Gov. Michelle Lujan Grisham gestures during her State of the State address on Tuesday, Jan. 21, 2025. Her proposal described in the speech for a state-sponsored fire insurance program won’t happen this session, a spokesperson said. (Danielle Prokop / Source NM)
After announcing a proposal to create a state-sponsored fire insurance program in her State of the State address a month ago, Gov.

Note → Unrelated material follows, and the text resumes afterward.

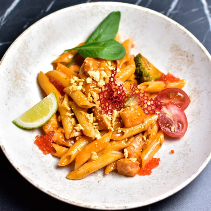 (Паста Пенне,норвежский лосось,сливки,брокколи,томатный соус,пармезан)
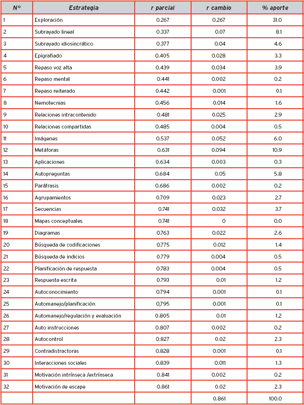 Repaso mental, de la escala de Adquisición; Paráfrasis, de Codificación; Auto instrucciones y motivación intrínseca y extrínseca, ambas de la escala de Apoyo al procesamiento, las cuales aportan en el rango de 0.2%.

Michelle Lujan Grisham will instead commission a study on the idea because her office failed to find a sponsor, according to a spokesperson for her office.

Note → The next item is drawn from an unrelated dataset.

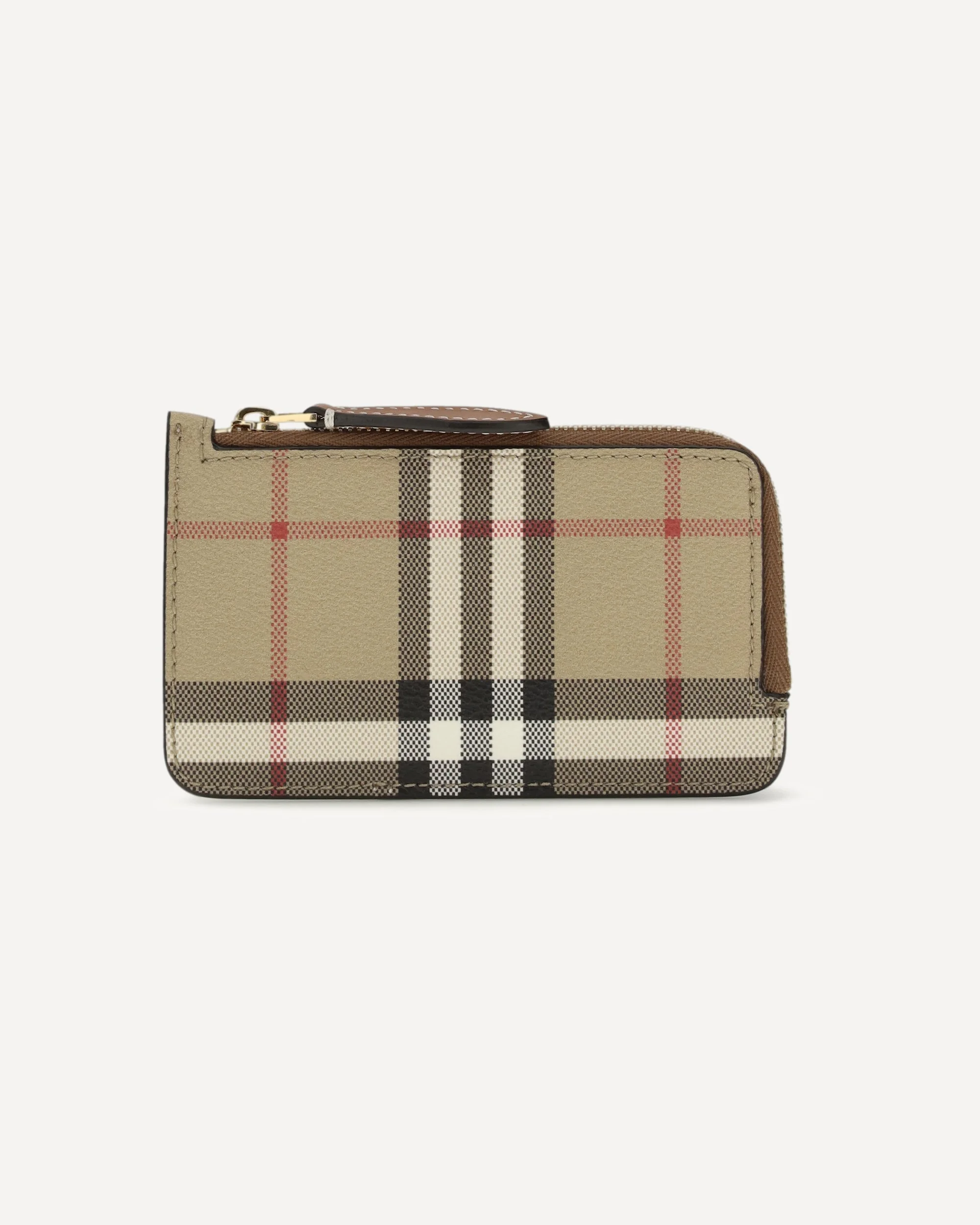 The Check Card Holder by Burberry with zipper is an elegant and functional accessory. The zipper closure ensures security, while the three card compartments offer practicality. The hand-painted edges and shiny metal elements add a touch of sophistication, making this card holder a must-have for those seeking style and functionality in a single accessory. DETAILS - Sku: 8109804_A9534 - Season: SS26 - Dimension: 13x8 - Composition: GENERAL 55% Polyurethane 25% Polyester 20% Cotton - MADE IN ITALY

Citing the wildfires in Los Angeles and ones here in New Mexico, the governor dedicated part of her speech to announce the creation of a state-run fire insurance program separate from the private market.

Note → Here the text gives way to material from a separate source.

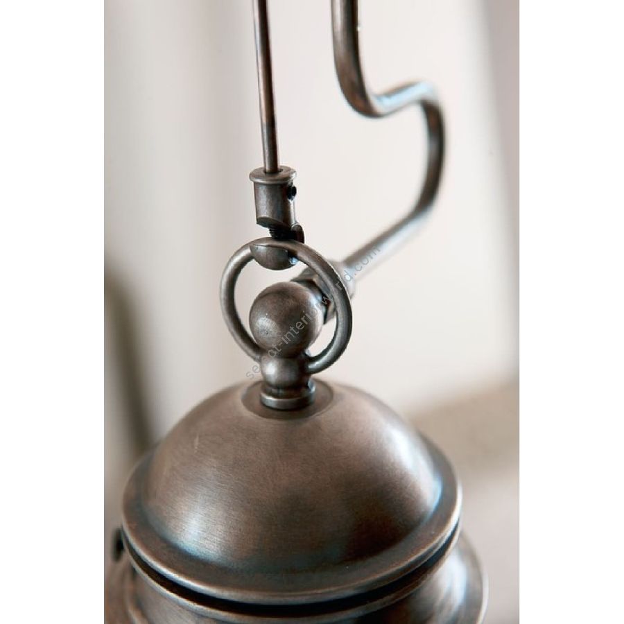 Materials are: cast brass base or ring, copper shade, blown white-milk shiny glass.

“Fires spurred by climate change have also ravaged communities in our state, testing our patience and resilience as we struggle under the weight of natural disasters in our backyards,” Lujan Grisham said in her speech. “As if the fires themselves aren’t difficult enough, getting insurance protection is becoming impossible, either because it’s simply no longer available or exorbitantly expensive.”
The program would also be separate from the Fair Access to Insurance Requirements Plan, governor’s spokesperson Michael Coleman said after the speech, which was created by the Legislature in 1969 to serve as an insurer of last resort primarily in fire-prone areas.
The governor’s program would be structured similar to the state’s workers’ compensation fund, requiring initial state funding and “limited liability” to the state, with the ultimate goal of providing coverage to anyone who needs it, Coleman said.
But the governor’s office could not find a sponsor for the legislation, Coleman told Source New Mexico on Thursday afternoon. Instead, the governor will commission a study on the issue, a spokesperson said.
“The governor will keep pursuing this idea, but it won’t happen this session,” Coleman said in an email.
Several bills making progress this session aim to spur mitigation of fire-prone communities and homes, and revamp the FAIR plan. Senate Bill 81, which the state Office of the Superintendent of Insurance endorses, would increase coverage limits from $350,000 to $1 million for homes and also change the makeup of the FAIR plan board, which is now made up of insurance industry leaders, to include a climate scientist, a consumer advocate, a catastrophic risk management expert and others.
Since 2022, average premiums have increased 60% across the state, the OSI chief actuary recently testified, and insurers are increasingly canceling policies or refusing to renew them. The increases come as wildfires in New Mexico are occurring with more frequency and ferocity, including the state’s biggest-ever wildfire in 2022 and the most destructive, in terms of structures destroyed, last summer.